Assignment: Scan the records below for the line with "Village of Neshkoro" and the line with "电梯厅的设计融入了轨道元素与". Repeat those two lines and every line between them exactly, and nothing else.

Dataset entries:
*-*-*

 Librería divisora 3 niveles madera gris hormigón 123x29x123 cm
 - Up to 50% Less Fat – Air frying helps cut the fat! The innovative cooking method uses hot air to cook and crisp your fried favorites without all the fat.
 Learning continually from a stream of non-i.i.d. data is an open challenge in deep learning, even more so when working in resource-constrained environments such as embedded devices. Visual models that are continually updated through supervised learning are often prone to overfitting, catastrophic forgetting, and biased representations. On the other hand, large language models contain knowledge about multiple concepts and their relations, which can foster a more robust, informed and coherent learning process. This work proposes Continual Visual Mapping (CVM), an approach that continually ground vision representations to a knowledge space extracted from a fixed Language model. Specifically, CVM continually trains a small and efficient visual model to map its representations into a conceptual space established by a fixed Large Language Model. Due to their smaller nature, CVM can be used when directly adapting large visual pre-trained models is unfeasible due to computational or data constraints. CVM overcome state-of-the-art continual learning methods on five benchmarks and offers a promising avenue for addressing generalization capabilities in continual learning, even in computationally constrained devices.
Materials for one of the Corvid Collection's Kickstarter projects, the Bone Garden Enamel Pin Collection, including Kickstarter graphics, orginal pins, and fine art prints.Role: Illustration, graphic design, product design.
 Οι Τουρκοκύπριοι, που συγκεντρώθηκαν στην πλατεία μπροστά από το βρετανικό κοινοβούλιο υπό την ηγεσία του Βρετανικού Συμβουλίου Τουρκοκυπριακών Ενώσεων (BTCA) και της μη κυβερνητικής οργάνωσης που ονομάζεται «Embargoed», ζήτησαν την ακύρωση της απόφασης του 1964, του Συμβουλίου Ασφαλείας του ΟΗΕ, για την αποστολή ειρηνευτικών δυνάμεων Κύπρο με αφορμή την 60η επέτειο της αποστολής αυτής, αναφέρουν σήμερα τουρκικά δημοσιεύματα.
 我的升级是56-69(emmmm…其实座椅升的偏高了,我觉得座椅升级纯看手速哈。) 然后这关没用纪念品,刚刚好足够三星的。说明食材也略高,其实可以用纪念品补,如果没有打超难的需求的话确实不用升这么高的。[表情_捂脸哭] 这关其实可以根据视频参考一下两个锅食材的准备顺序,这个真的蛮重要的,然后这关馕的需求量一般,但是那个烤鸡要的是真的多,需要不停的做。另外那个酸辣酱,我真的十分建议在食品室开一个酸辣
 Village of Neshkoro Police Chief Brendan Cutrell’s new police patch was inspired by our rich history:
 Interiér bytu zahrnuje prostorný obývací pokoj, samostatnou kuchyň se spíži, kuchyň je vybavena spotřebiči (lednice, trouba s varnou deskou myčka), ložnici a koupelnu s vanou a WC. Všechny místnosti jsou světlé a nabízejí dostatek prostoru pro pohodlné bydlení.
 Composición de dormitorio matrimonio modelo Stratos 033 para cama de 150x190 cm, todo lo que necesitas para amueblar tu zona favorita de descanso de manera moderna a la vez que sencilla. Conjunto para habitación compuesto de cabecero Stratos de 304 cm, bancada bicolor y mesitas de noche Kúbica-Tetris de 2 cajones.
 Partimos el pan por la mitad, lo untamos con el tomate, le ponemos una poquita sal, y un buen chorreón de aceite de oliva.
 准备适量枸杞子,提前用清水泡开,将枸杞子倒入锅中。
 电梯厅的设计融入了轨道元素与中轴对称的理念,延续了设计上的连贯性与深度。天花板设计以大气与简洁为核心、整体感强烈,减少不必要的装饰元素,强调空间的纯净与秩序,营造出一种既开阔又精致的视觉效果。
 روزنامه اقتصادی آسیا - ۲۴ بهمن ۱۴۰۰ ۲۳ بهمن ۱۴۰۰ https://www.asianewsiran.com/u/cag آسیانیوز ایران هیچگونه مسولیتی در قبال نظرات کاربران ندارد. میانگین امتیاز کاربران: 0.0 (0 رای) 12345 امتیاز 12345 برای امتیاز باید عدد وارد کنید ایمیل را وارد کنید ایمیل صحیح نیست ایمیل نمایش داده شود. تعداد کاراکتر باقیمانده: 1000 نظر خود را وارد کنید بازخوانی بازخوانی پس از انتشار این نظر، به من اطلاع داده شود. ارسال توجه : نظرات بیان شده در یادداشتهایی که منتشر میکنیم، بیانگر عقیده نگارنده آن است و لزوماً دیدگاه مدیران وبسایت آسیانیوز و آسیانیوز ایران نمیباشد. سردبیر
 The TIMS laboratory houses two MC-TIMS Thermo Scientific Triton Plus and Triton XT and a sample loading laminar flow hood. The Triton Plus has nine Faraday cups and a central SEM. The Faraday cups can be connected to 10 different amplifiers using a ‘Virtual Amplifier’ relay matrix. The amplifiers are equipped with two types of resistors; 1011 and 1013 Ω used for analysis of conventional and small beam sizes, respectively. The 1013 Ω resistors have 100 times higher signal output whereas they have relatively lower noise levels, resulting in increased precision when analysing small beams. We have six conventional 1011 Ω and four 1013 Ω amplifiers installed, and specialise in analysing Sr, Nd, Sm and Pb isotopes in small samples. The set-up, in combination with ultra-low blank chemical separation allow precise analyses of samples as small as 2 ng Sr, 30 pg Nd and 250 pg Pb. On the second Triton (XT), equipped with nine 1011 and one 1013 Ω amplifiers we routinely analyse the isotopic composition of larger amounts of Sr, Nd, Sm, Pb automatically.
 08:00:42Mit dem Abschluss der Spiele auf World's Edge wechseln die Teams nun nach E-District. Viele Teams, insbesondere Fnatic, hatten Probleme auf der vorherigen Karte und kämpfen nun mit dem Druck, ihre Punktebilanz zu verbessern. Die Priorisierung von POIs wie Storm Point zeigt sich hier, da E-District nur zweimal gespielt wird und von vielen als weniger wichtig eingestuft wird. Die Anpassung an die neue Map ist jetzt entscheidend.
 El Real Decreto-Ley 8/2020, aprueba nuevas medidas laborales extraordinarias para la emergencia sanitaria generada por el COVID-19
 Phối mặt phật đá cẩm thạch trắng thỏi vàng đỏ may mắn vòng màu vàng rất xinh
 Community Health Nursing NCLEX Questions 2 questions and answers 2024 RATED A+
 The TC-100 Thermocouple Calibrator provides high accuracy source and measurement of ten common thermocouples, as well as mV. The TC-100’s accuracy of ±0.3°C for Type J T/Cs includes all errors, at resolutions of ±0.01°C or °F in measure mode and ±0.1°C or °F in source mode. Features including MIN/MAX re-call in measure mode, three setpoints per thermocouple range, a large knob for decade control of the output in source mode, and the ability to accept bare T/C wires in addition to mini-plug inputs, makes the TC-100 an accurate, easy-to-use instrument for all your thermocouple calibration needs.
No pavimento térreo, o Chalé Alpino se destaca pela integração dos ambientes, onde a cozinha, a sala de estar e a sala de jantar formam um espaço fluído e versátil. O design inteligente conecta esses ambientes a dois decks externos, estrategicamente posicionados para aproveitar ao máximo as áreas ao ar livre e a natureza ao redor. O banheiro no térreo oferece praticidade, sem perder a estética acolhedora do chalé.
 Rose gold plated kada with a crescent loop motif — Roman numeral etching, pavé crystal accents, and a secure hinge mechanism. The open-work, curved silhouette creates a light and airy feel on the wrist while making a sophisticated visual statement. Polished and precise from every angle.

*-*-*

Answer to this exercise:
 Village of Neshkoro Police Chief Brendan Cutrell’s new police patch was inspired by our rich history:
 Interiér bytu zahrnuje prostorný obývací pokoj, samostatnou kuchyň se spíži, kuchyň je vybavena spotřebiči (lednice, trouba s varnou deskou myčka), ložnici a koupelnu s vanou a WC. Všechny místnosti jsou světlé a nabízejí dostatek prostoru pro pohodlné bydlení.
 Composición de dormitorio matrimonio modelo Stratos 033 para cama de 150x190 cm, todo lo que necesitas para amueblar tu zona favorita de descanso de manera moderna a la vez que sencilla. Conjunto para habitación compuesto de cabecero Stratos de 304 cm, bancada bicolor y mesitas de noche Kúbica-Tetris de 2 cajones.
 Partimos el pan por la mitad, lo untamos con el tomate, le ponemos una poquita sal, y un buen chorreón de aceite de oliva.
 准备适量枸杞子,提前用清水泡开,将枸杞子倒入锅中。
 电梯厅的设计融入了轨道元素与中轴对称的理念,延续了设计上的连贯性与深度。天花板设计以大气与简洁为核心、整体感强烈,减少不必要的装饰元素,强调空间的纯净与秩序,营造出一种既开阔又精致的视觉效果。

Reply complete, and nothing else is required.